Advances in Large-Scale Spiking Neural Networks: Learning, Simulation, and Deployment
preprint
OA: closed
CC-BY-4.0
Abstract
Spiking Neural Networks (SNNs) represent a biologically inspired class of artificial neural models that leverage discrete spike events to encode and process information with high temporal precision and energy efficiency. Unlike conventional artificial neural networks that rely on continuous-valued activations and synchronous computation, SNNs operate asynchronously through sparse spike trains, closely mimicking the event-driven dynamics of biological neurons. This unique computational paradigm has sparked significant interest for developing large-scale neural models capable of real-time processing under strict power and latency constraints. This survey provides a comprehensive and mathematically rigorous overview of the state-of-the-art in large-scale SNN research, encompassing theoretical foundations, learning algorithms, hardware architectures, software infrastructures, benchmarking methodologies, and application domains. We begin by formalizing neuron and synapse models, highlighting challenges related to non-differentiability of spike functions and temporal credit assignment, and reviewing gradient-based and biologically plausible learning frameworks such as surrogate gradients and spike-timing dependent plasticity. Subsequently, we analyze specialized neuromorphic hardware platforms—including Intel Loihi, IBM TrueNorth, and analog systems—and scalable software simulators, emphasizing their architectural features and computational trade-offs.

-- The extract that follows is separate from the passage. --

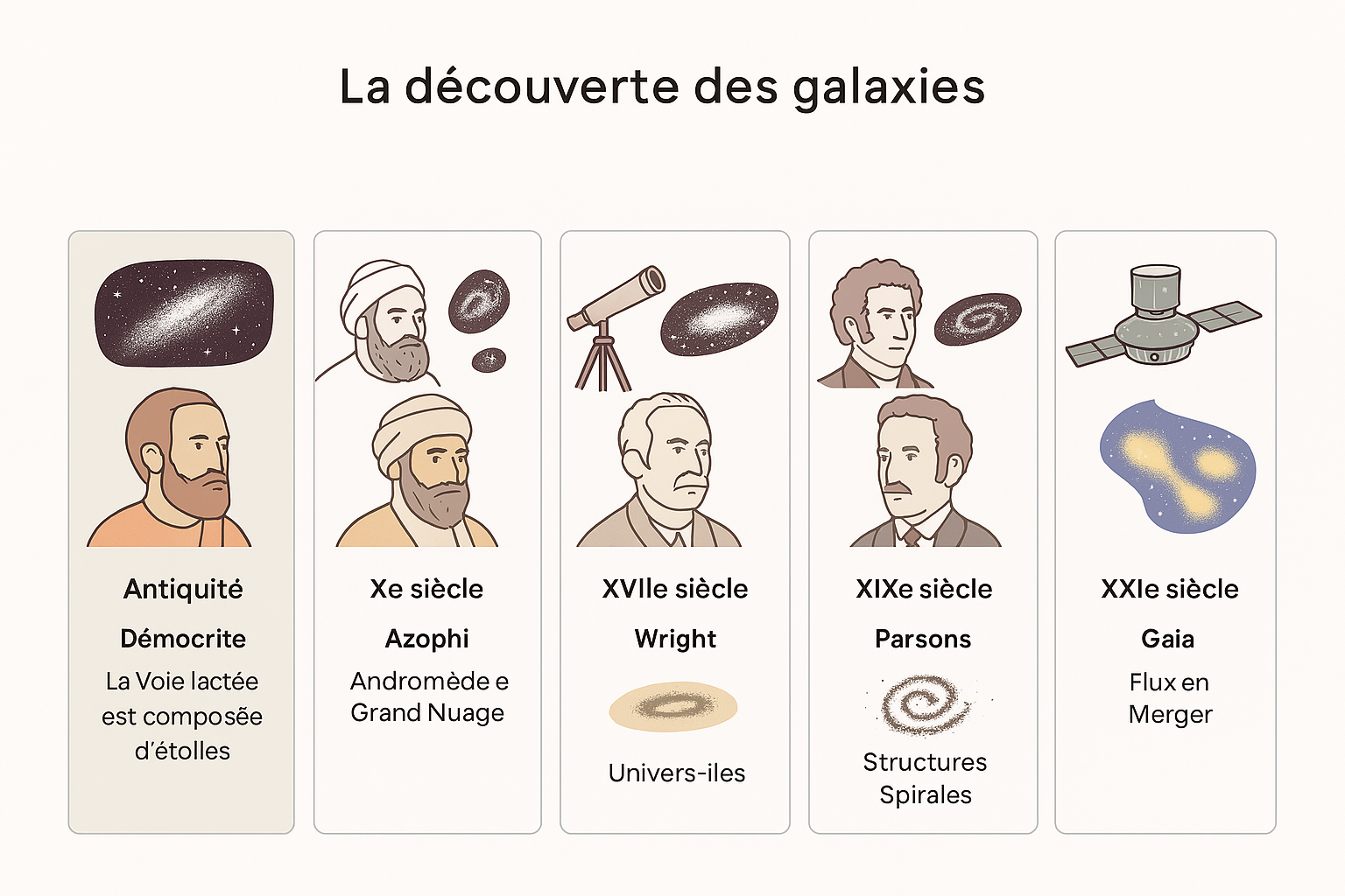retraçant l’évolution des connaissances sur les galaxies à travers cinq

A critical examination of benchmarking datasets and multi-dimensional evaluation metrics reveals the complexity of assessing large-scale SNNs in terms of accuracy, latency, energy consumption, and biological plausibility. Furthermore, we discuss key applications ranging from robotics and sensory processing to brain-machine interfaces and edge AI, illustrating the advantages and current limitations of large-scale SNN deployment. Finally, we identify open challenges and future research directions, underscoring the importance of hardware-software co-design, standardized benchmarks, and hybrid learning approaches to unlock the full potential of large-scale spiking networks. This survey aims to serve as a foundational reference for researchers and practitioners seeking to advance the design, implementation, and application of scalable, efficient, and biologically grounded neural computation.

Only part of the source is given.